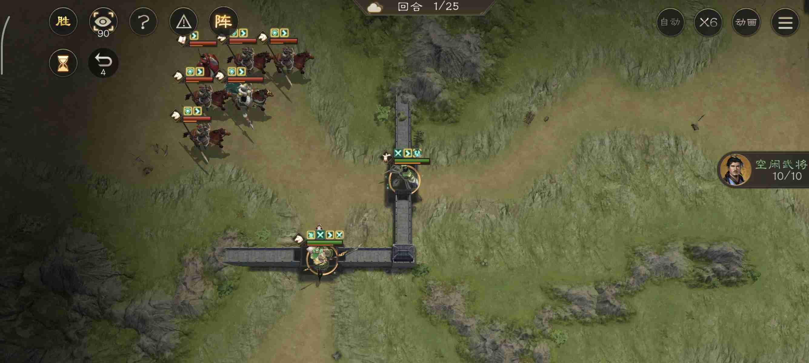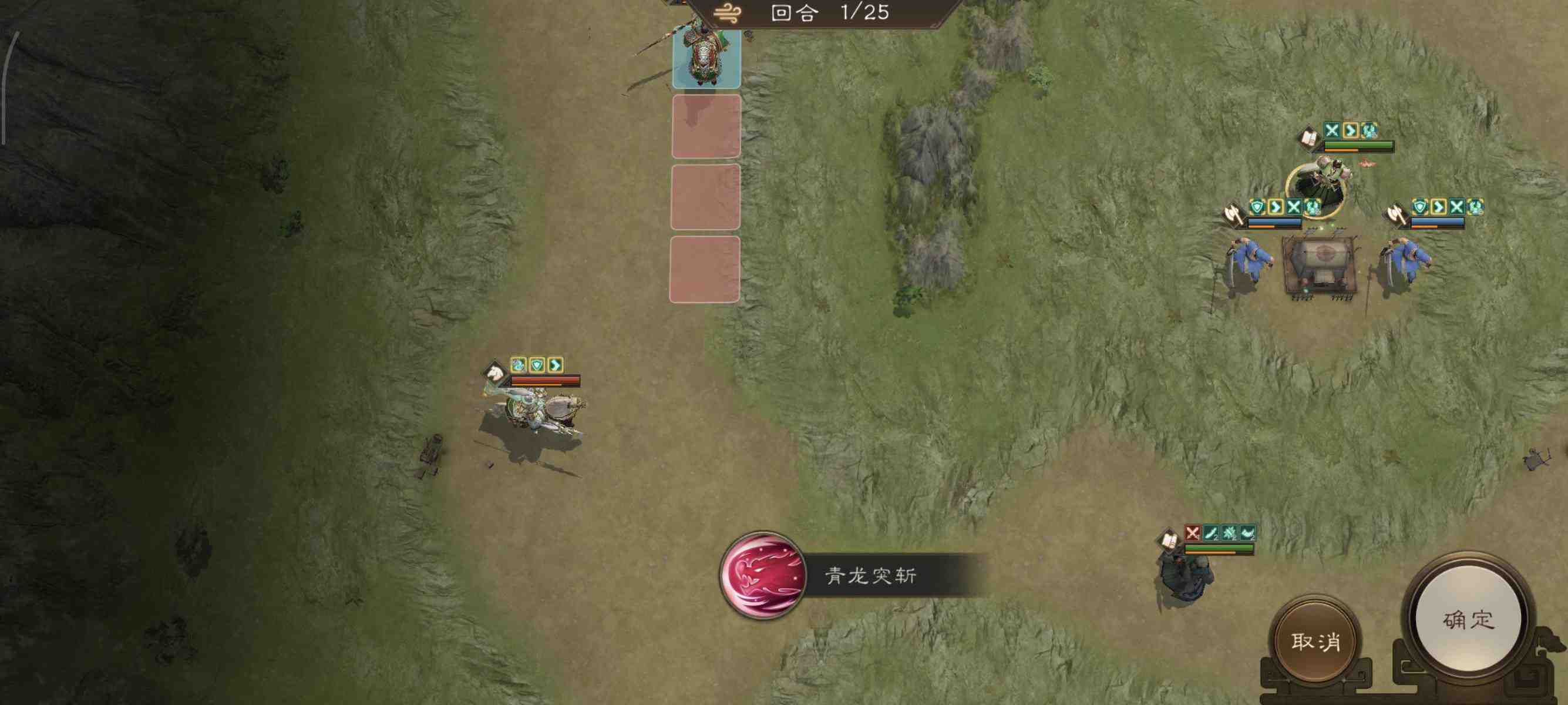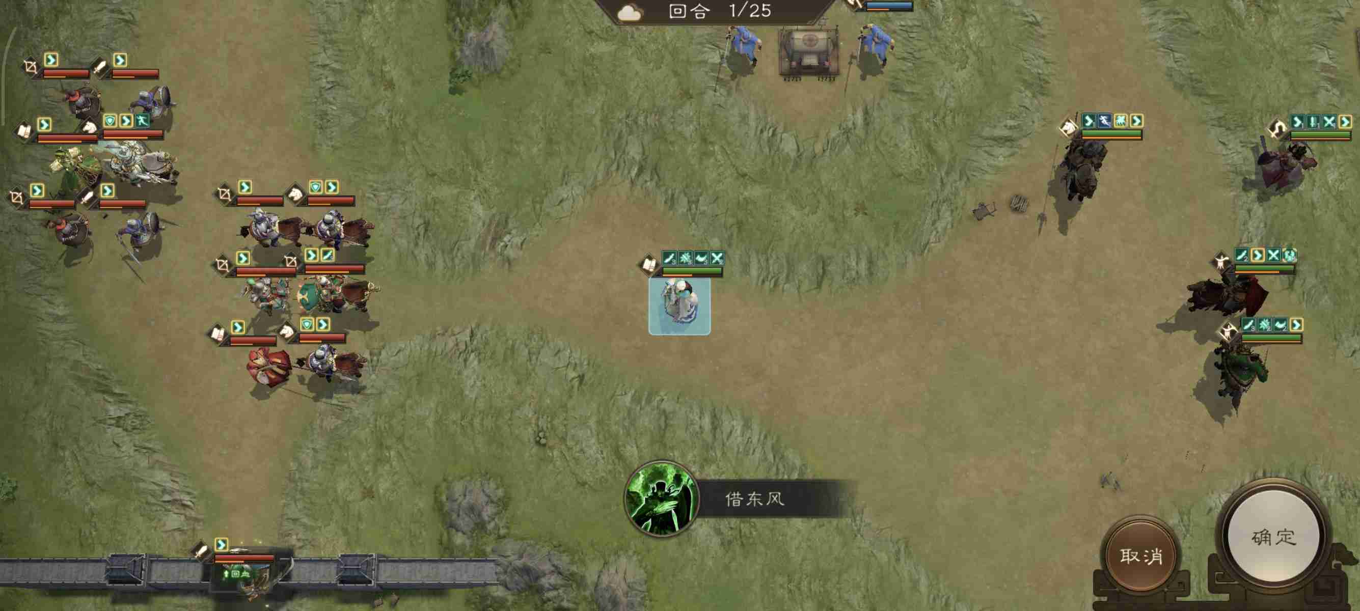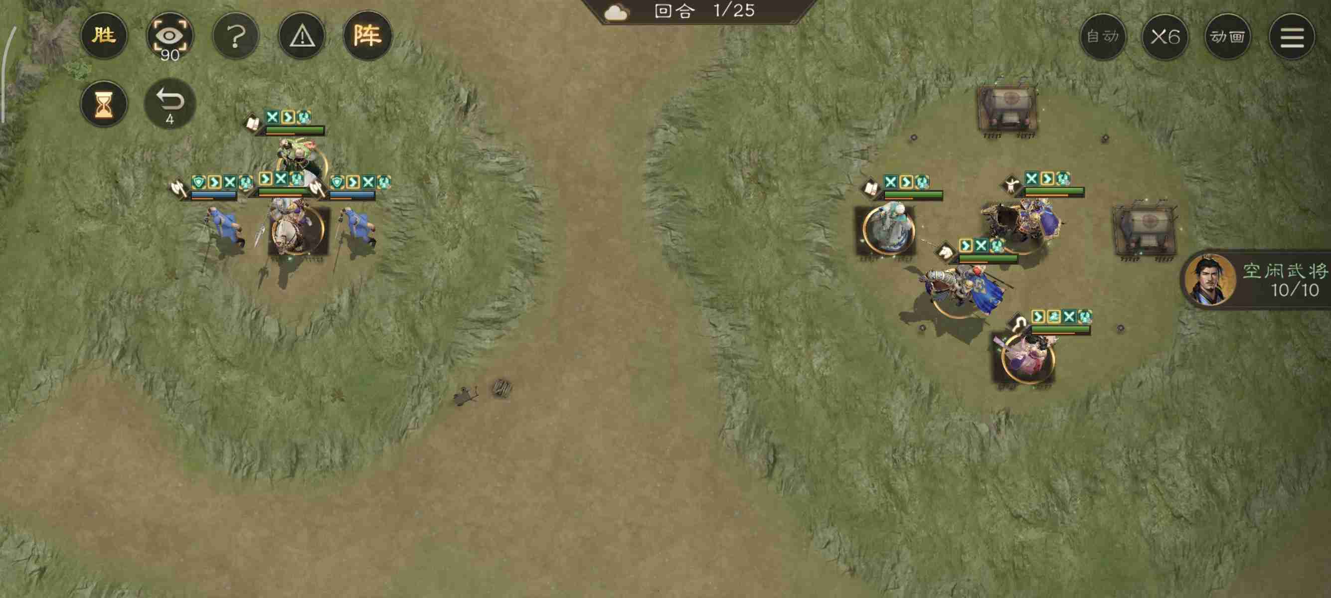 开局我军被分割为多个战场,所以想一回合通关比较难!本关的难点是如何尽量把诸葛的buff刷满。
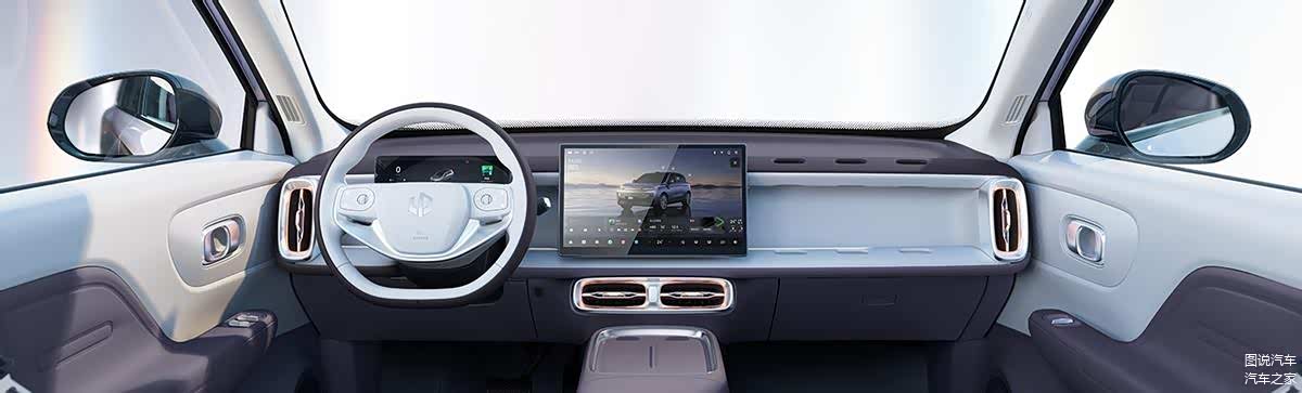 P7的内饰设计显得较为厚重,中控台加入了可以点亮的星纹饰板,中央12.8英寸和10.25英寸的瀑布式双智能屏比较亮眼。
=-=-=
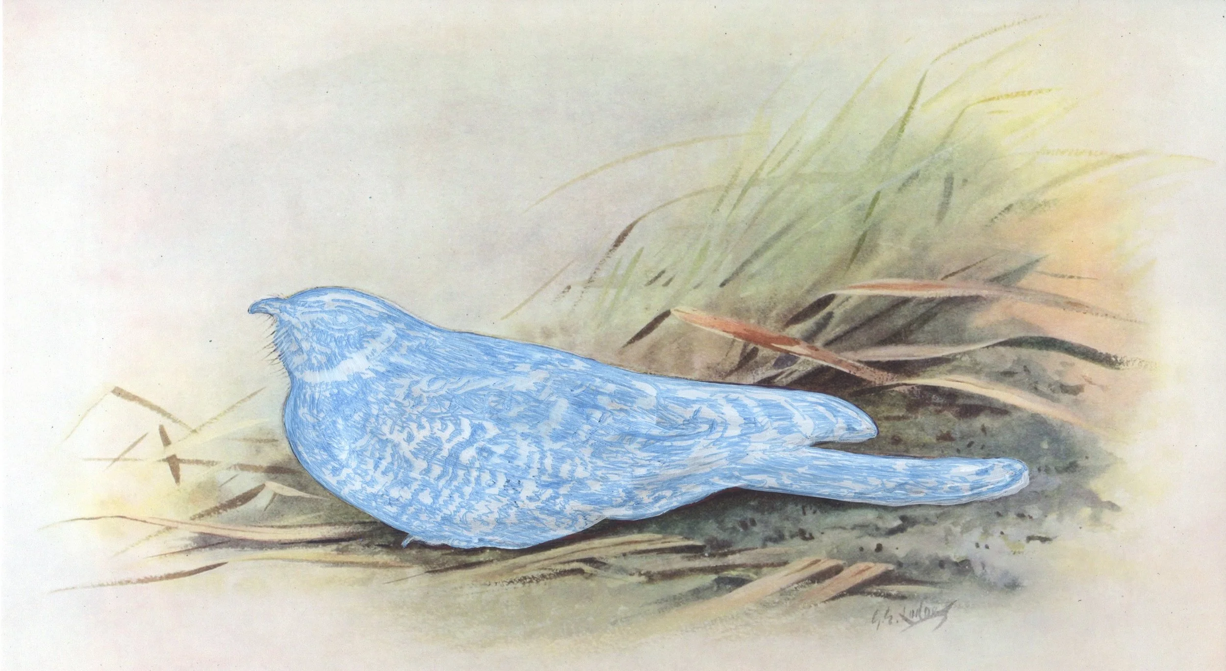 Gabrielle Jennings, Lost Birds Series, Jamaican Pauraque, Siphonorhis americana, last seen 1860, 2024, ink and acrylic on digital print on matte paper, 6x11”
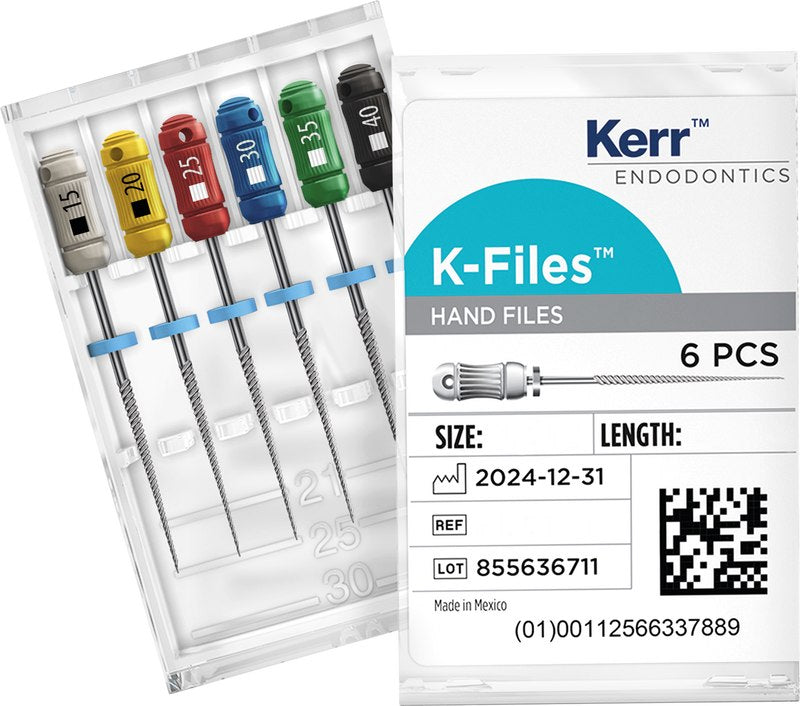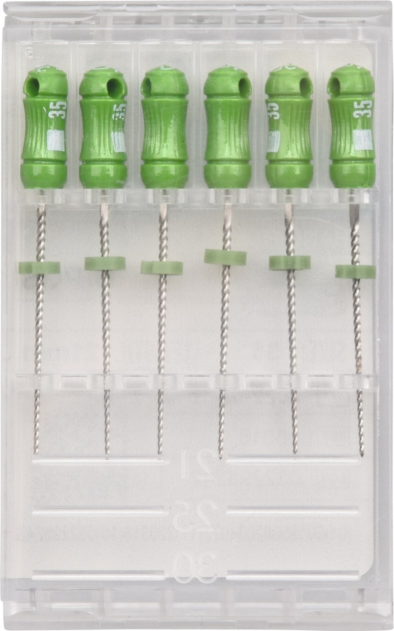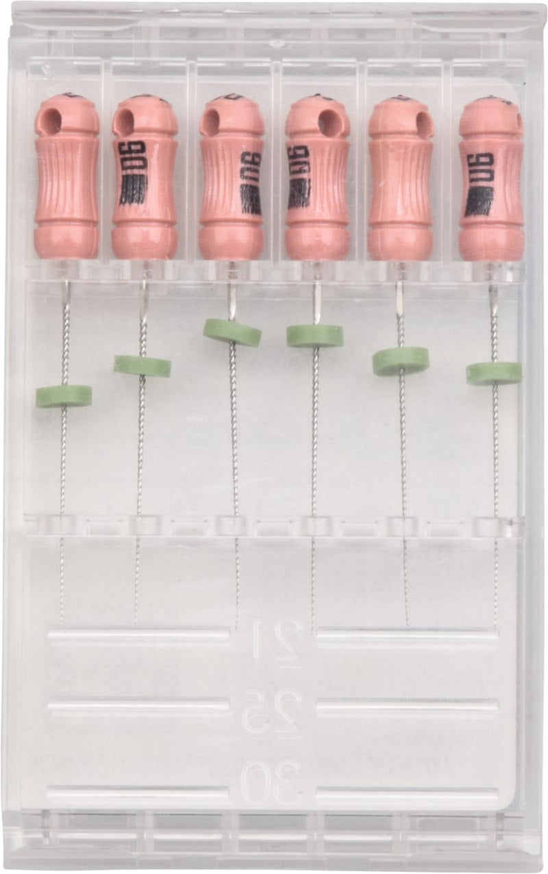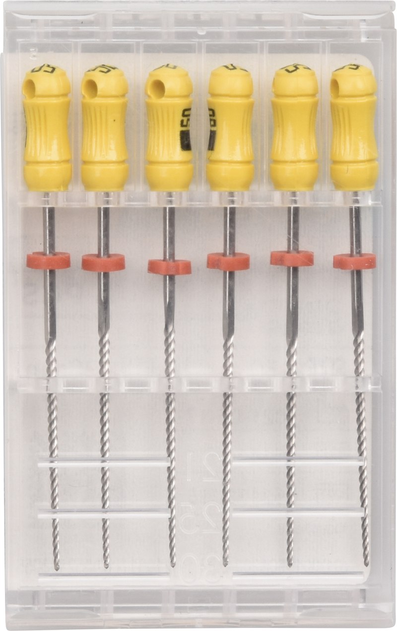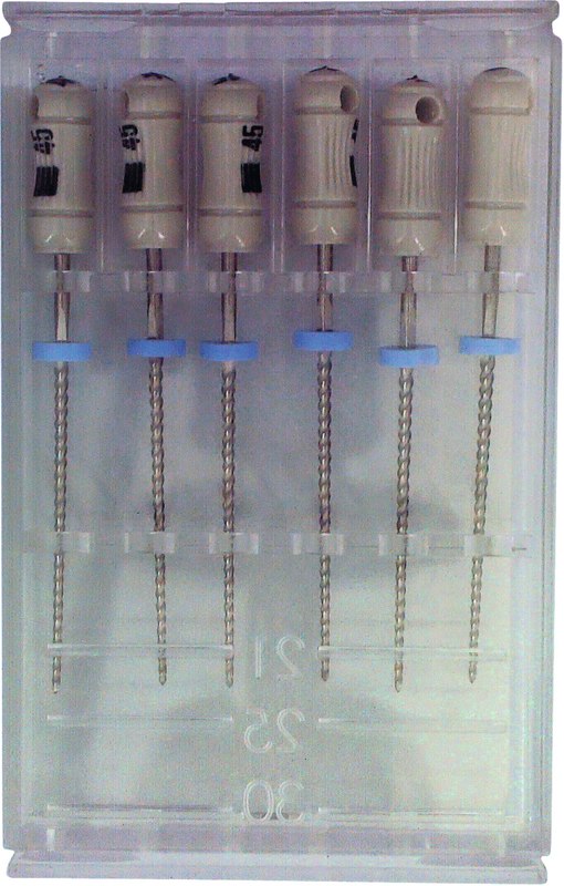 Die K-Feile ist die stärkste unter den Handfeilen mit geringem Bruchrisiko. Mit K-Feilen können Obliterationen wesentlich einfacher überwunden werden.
=-=-=
> Aim of the exercise
Excerpt from the records above: set down only the lines from the one that contains "Gabrielle Jennings, Lost" through the one that contains "Die K-Feile ist", inclusive, word for word. Pictures stay out.

> Finished exercise
 Gabrielle Jennings, Lost Birds Series, Jamaican Pauraque, Siphonorhis americana, last seen 1860, 2024, ink and acrylic on digital print on matte paper, 6x11”
 Die K-Feile ist die stärkste unter den Handfeilen mit geringem Bruchrisiko. Mit K-Feilen können Obliterationen wesentlich einfacher überwunden werden.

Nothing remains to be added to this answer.